[BioC] Human Gene ST 1.0 probeset controls
Benilton Carvalho
bcarvalh at jhsph.edu
Mon Nov 9 16:37:00 CET 2009
yes. everything, but the Prof part, is correct. ;)
b
On Nov 9, 2009, at 1:17 PM, Javier Pérez Florido wrote:
> Thanks Prof. Carvalho,
> Is the rest of my e-mail correct?
> Thanks,
> Javier
>
>
> Benilton Carvalho escribió:
>> XM_001714578 was replaced by NM_001136561.
>>
>> http://www.ncbi.nlm.nih.gov/nuccore/NM_001136561?log$=seqview_status
>>
>> b
>>
>> On Nov 9, 2009, at 9:19 AM, Javier Pérez Florido wrote:
>>
>>>
>>> OK,
>>> So, to sum up (and check if I understand the Human Gene ST 1.0
>>> array), when summarizing to the gene level means that there are
>>> several probesets that compose a gene. To summarize to the gene
>>> level
>>> when normalizing, I executed:
>>> OligoEset<-rma(OligoRaw,target="core")
>>> and I got 33297 genes (transcript ids).
>>>
>>> Using the following query on pd.hugene.1.0.st.v1:
>>> dbListTables(conn)
>>> dbListFields(conn,"type_dict")
>>> info2<-"SELECT * from type_dict"
>>> result<-dbGetQuery(conn,info2)
>>>
>>> I got:
>>> # type type_id
>>> #1 1 main
>>> #2 2 control->affx
>>> #3 3 control->chip
>>> #4 4 control->bgp->antigenomic
>>> #5 5 control->bgp->genomic
>>> #6 6 normgene->exon
>>> #7 7 normgene->intron
>>> #8 8 rescue->FLmRNA->unmapped
>>>
>>> I also executed the following query:
>>> conn<-db(pd.hugene.1.0.st.v1)
>>> dbListTables(conn)
>>> info = dbGetQuery(conn, paste("SELECT DISTINCT meta_fsetid as
>>> transcript_id, type_id",
>>> "FROM featureSet, core_mps, type_dict",
>>> "WHERE featureSet.fsetid=core_mps.fsetid",
>>> "AND featureSet.type=type_dict.type"))
>>>
>>> I have a complete processed example (it is summarized to the gene
>>> level, and it has the ACC number, Symbol information, etc for each
>>> transcript id).

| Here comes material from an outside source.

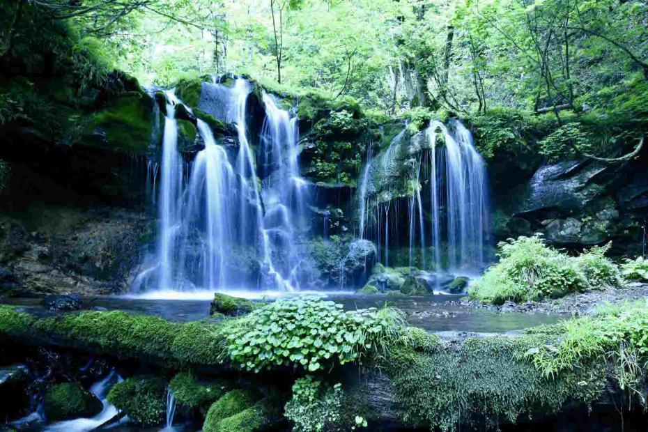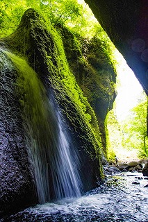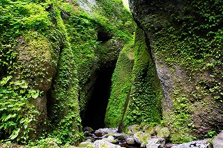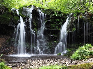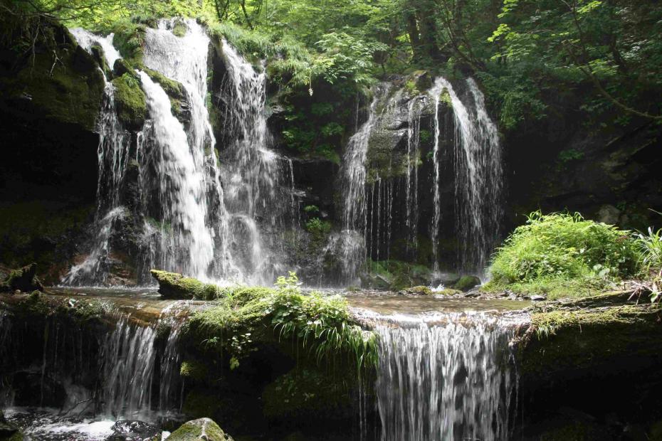 国道482号線にあって神鍋山から噴出した溶岩でできた滝や淵などの様々な地形と豊富できれいな水流による人工的には造り得ない自然な景観が見られる。 |

I wanted to reproduce the example by myself using
>>> the
>>> raw data. When matching the transcript_id field given by the above
>>> query and the transcript_id given by the example data set, the
>>> following information can be extracted:
>>> • control->affx are related to other-spike y AFFX probe sets (57
>>> probe sets)
>>> • normgene->exon are related to 1195 pos_control probe sets
>>> • normgene->intron are related to 2904 neg_control probe sets
>>> So, I suppose that there are about 4156 control transcripts.
>>>
>>> Since I summarized to the gene level, I have used the annotation
>>> file
>>> "hugene10sttranscriptcluster.db". I've tried to get the ACC number
>>> and the Symbol for some transcript_id. The idea was to check if the
>>> results given were the same as the example I have. For example:
>>>
>>> hugene10sttranscriptclusterACCNUM[["7912580"]]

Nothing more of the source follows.